HOW TO COMPLETE THIS TASK - Leave the pictures out. Retype exactly the lines below from the one containing "In Figure 5, emitted" through the one containing "Мясо индейки прокрутите", and no others.

PROVIDED RECORDS -
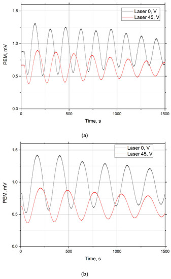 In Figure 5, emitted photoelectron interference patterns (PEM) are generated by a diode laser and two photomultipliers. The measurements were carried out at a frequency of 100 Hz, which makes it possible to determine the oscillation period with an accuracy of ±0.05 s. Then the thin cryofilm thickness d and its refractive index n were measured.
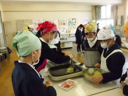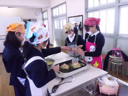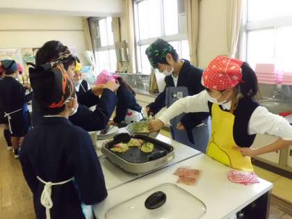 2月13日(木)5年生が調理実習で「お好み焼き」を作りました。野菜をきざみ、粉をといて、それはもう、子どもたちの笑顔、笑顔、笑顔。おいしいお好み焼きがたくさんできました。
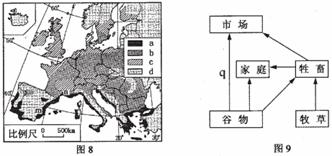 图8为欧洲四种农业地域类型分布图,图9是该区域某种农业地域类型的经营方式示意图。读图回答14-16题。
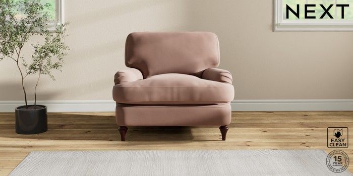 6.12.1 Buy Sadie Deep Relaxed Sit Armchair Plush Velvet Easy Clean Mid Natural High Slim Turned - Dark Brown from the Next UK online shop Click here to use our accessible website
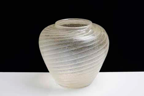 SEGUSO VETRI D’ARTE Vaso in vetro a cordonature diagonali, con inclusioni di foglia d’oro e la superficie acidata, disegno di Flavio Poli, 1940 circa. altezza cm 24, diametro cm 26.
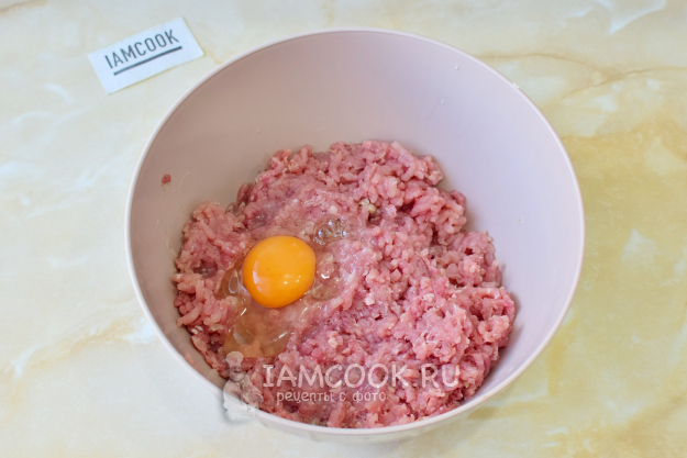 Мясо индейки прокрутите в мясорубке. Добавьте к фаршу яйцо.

--

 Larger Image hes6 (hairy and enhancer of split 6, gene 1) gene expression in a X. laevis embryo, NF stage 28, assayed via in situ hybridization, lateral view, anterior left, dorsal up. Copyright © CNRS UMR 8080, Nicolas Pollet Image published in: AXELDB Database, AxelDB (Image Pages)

==

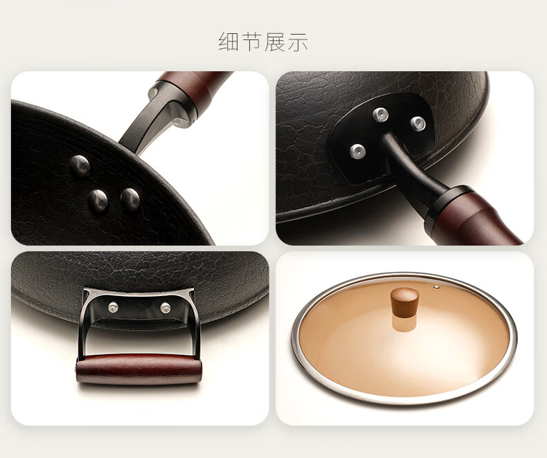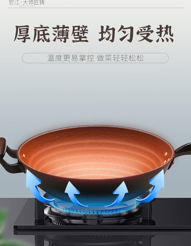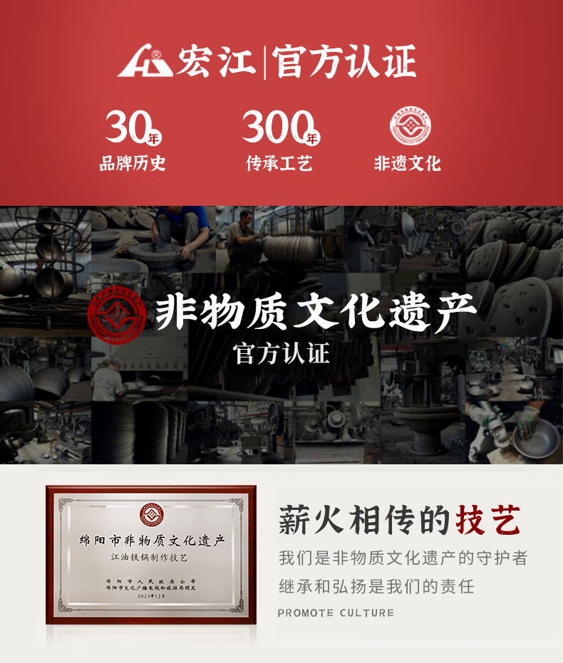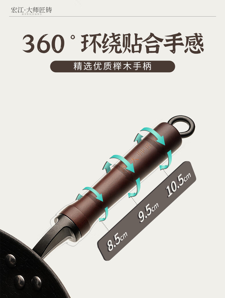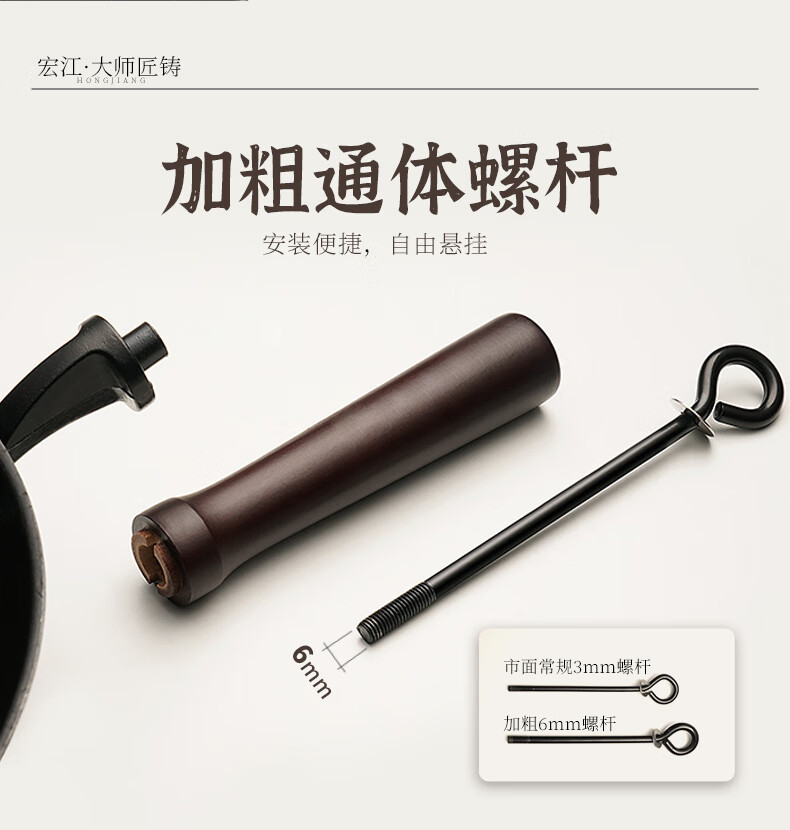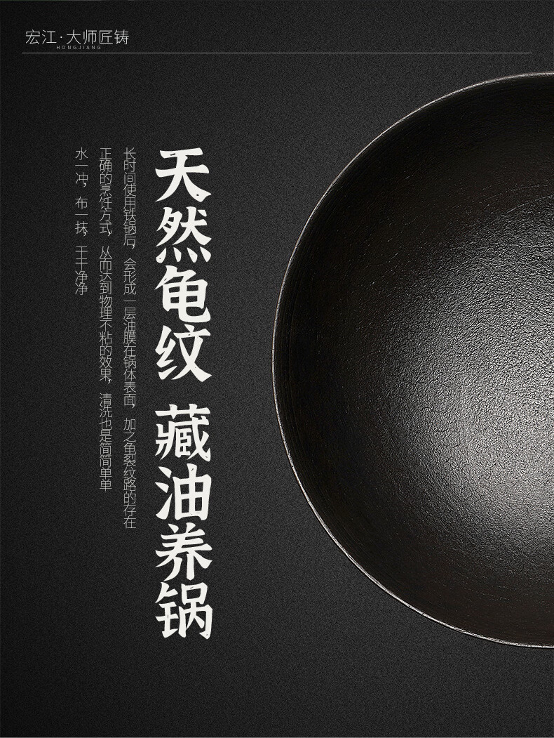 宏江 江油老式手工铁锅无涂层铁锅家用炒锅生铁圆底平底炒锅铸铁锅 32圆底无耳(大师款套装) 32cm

WRITTEN SOLUTION -
 In Figure 5, emitted photoelectron interference patterns (PEM) are generated by a diode laser and two photomultipliers. The measurements were carried out at a frequency of 100 Hz, which makes it possible to determine the oscillation period with an accuracy of ±0.05 s. Then the thin cryofilm thickness d and its refractive index n were measured.
 2月13日(木)5年生が調理実習で「お好み焼き」を作りました。野菜をきざみ、粉をといて、それはもう、子どもたちの笑顔、笑顔、笑顔。おいしいお好み焼きがたくさんできました。
 图8为欧洲四种农业地域类型分布图,图9是该区域某种农业地域类型的经营方式示意图。读图回答14-16题。
 6.12.1 Buy Sadie Deep Relaxed Sit Armchair Plush Velvet Easy Clean Mid Natural High Slim Turned - Dark Brown from the Next UK online shop Click here to use our accessible website
 SEGUSO VETRI D’ARTE Vaso in vetro a cordonature diagonali, con inclusioni di foglia d’oro e la superficie acidata, disegno di Flavio Poli, 1940 circa. altezza cm 24, diametro cm 26.
 Мясо индейки прокрутите в мясорубке. Добавьте к фаршу яйцо.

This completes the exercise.